Computer-readable media includes both non-transitory computer storage media and communication media including any medium that facilitates transfer of a computer program from one place to another. A non-transitory storage medium may be any available medium that can be accessed by a general purpose or special purpose computer. By way of example, and not limitation, non-transitory computer-readable media may comprise RAM, ROM, EEPROM, flash memory, CD-ROM or other optical disk storage, magnetic disk storage or other magnetic storage devices, or any other non-transitory medium that can be used to carry or store desired program code means in the form of instructions or data structures and that can be accessed by a general-purpose or special-purpose computer, or a general-purpose or special-purpose processor. Also, any connection is properly termed a computer-readable medium. For example, if the software is transmitted from a website, server, or other remote source using a coaxial cable, fiber optic cable, twisted pair, digital subscriber line (DSL), or wireless technologies such as infrared, radio, and microwave, then the coaxial cable, fiber optic cable, twisted pair, DSL, or wireless technologies such as infrared, radio, and microwave are included in the definition of medium. Disk and disc, as used herein, include CD, laser disc, optical disc, digital versatile disc (DVD), floppy disk and Blu-ray disc where disks usually reproduce data magnetically, while discs reproduce data optically with lasers. Combinations of the above are also included within the scope of computer-readable media.
As used herein, including in the claims, “or” as used in a list of items (e.g., a list of items prefaced by a phrase such as “at least one of” or “one or more of”) indicates an inclusive list such that, for example, a list of at least one of A, B, or C means A or B or C or AB or AC or BC or ABC (i.e., A and B and C).
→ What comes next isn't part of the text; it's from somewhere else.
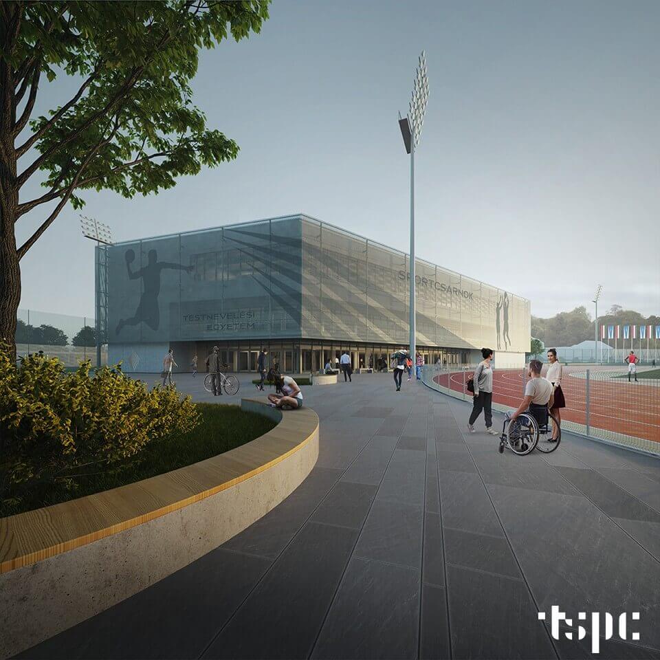 A generáltervező a másik campusrészt is tervező TSPC Kft. Az egyetem igényeinek megfelelően a területen kialakítanak egy nyolc sávos és 400 méteres szabadtéri atlétikapályát egy 360 fős lelátóval felszerelve.

Also, as used herein, the phrase “based on” shall not be construed as a reference to a closed set of conditions. For example, an exemplary step that is described as “based on condition A” may be based on both a condition A and a condition B without departing from the scope of the present disclosure. In other words, as used herein, the phrase “based on” shall be construed in the same manner as the phrase “based at least in part on.”
In the appended figures, similar components or features may have the same reference label. Further, various components of the same type may be distinguished by following the reference label by a dash and a second label that distinguishes among the similar components. If just the first reference label is used in the specification, the description is applicable to any one of the similar components having the same first reference label irrespective of the second reference label, or other subsequent reference label.
The description set forth herein, in connection with the appended drawings, describes example configurations and does not represent all the examples that may be implemented or that are within the scope of the claims. The term “exemplary” used herein means “serving as an example, instance, or illustration,” and not “preferred” or “advantageous over other examples.” The detailed description includes specific details for the purpose of providing an understanding of the described techniques. These techniques, however, may be practiced without these specific details. In some instances, well-known structures and devices are shown in block diagram form in order to avoid obscuring the concepts of the described examples.
The description herein is provided to enable a person skilled in the art to make or use the disclosure. Various modifications to the disclosure will be readily apparent to those skilled in the art, and the generic principles defined herein may be applied to other variations without departing from the scope of the disclosure. Thus, the disclosure is not limited to the examples and designs described herein, but is to be accorded the broadest scope consistent with the principles and novel features disclosed herein.
Claims
1. A method for object detection, comprising:
- extracting a plurality of features from an image;
- identifying a set of the features corresponding to a region of the image;
- applying a classifier of a stored object model to a first feature of the set corresponding to a first position within the region and a first channel of the image, wherein the stored object model is associated with an object category that has a symmetry comprising one or more of: a horizontal symmetry, a vertical symmetry, or a rotational symmetry;
- applying the classifier of the stored object model to a second feature of the set corresponding to a second position within the region and a second channel of the image, the second position and second channel based on the first position, first channel, and symmetry of the object category, wherein the second feature is selected by one or more of: selecting, when the object category has horizontal symmetry and the first position and the second position each comprise a column component, the second feature based on the column component of the second position being a width of the region minus the column component of the first position, selecting, when the object category has vertical symmetry and the first position and second position each comprise a row component, the second feature based on the row component of the second position being a height of the region minus the row component of the first position, selecting, when the object category has horizontal symmetry and the first channel corresponds to a first angle and the second channel corresponds to a second angle, the second feature based on the second angle being a result of the first angle subtracted from a predetermined plurality of degrees, or selecting, when the object category has rotational symmetry and first channel corresponds to a first angle and the second channel corresponds to a second angle, the second feature based on the second angle being the first angle plus a predetermined plurality of degrees; and
- outputting an indication that the region of the image includes an object of the object category based on applying the classifier to the first and second features.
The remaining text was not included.